OLYMPIA — Members of the Chehalis River Basin Flood Authority on Thursday urged the Capital Budget Committee to support their proposed, $28-million portfolio of flood mitigation projects.
The governor’s group — which includes representatives from the Flood Authority and the Chehalis Tribe — presented the proposal to Gov. Chris Gregoire earlier this month for consideration in her outgoing capital budget. The governor has pledged to dedicate money, as long as the group agrees on a basin-wide plan to reduce flood damages.
“There is broad support amongst all basin governments for (the governor’s group) recommendations,” Flood Authority facilitator Jim Kramer said on Thursday.
Taken together, the group’s proposed actions represent a serious investment in short-term flood damage reduction and long-term preparation for future decisions, Kramer said.
Their proposal has five key components: Determining the feasibility of a water retention structure in conjunction with I-5 improvements; Continuing a series of small-scale, local projects that reduce flood damage, some of which were already started with Jobs Now Act money; Improving fish habitats and floodplain function; Reducing the cost of repetitive damage to residents through a strategic program of buyouts and improvements to homes; And maintaining the early warning system.

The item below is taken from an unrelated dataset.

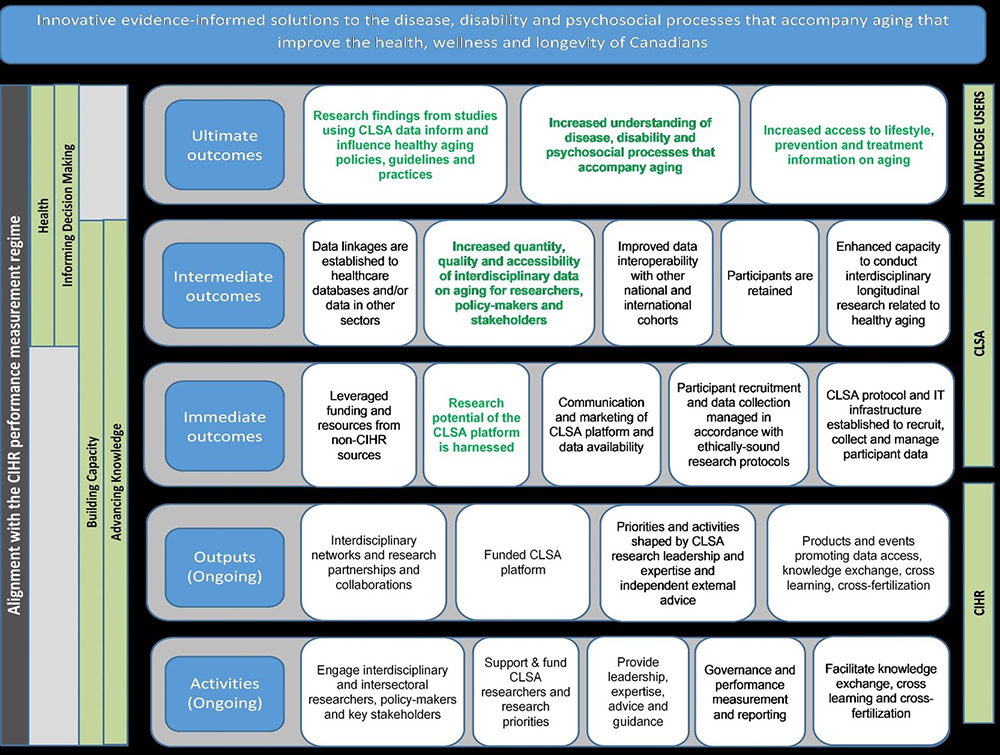 The CLSA’s objectives are aligned with CIHR’s mandate of supporting initiatives that will lead to the improved health of Canadians as well as a strengthened healthcare system. The CIHR Act (S.C. 2000, c6) aims among other objectives, at “addressing emerging health opportunities, threats and challenges and accelerating the discovery of cures and treatments and improvements to health care, prevention and wellness strategies.” Finally, the CLSA is aligned with Government of Canada priorities to promote healthy aging and the advancement of pan-Canadian collaboration on health innovation as outlined in Ministerial mandate letters for the Minister of Seniors and Minister of Health, respectively.

Much of the work is based on the Chehalis River Basin Alternatives Report, a document published in July that was authored by the William D. Ruckelshaus Center at the University of Washington and Washington State University, with input from basin stakeholders.
With more than 800 flood studies completed over the last century, the alternatives report — and the governor’s group plan — took a different tact, Kramer said.
“The real hope with this report … (was) not to propose another study, but instead to propose the actions that should be taken,” he said.
Keith Phillips, policy adviser to Gov. Gregoire, told the Capital Budget Committee on Thursday that the governor is dedicated to flood mitigation efforts.
Gov. Gregoire first witnessed the 2007 flood from a helicopter, where she observed high waters and damage to homes and business, Phillips said.
“And then she landed. She saw the people, their broken homes; what they held in their arms and what they held in their eyes,” he said. “It was at that point that she committed herself to a different outcome.
“It wasn’t just the freeway and the local economy. It was about helping people in the basin step up to future floods,” he said.
With help from the Ruckelshaus Center, various factions in the basin have come together to create a shared vision for the future, according to Phillips.
“When the governor heard the group’s recommendations, she was impressed,” he said. “She has often said that in order to make real progress on water, all the key interests in the basin need to step up and move forward together.”
“That was really her challenge, and, in this case, her hope fulfilled,” he said.
The governor has not yet made a final decision on how much money she will provide in her 2013-15 capital budget, which will be released in mid-December.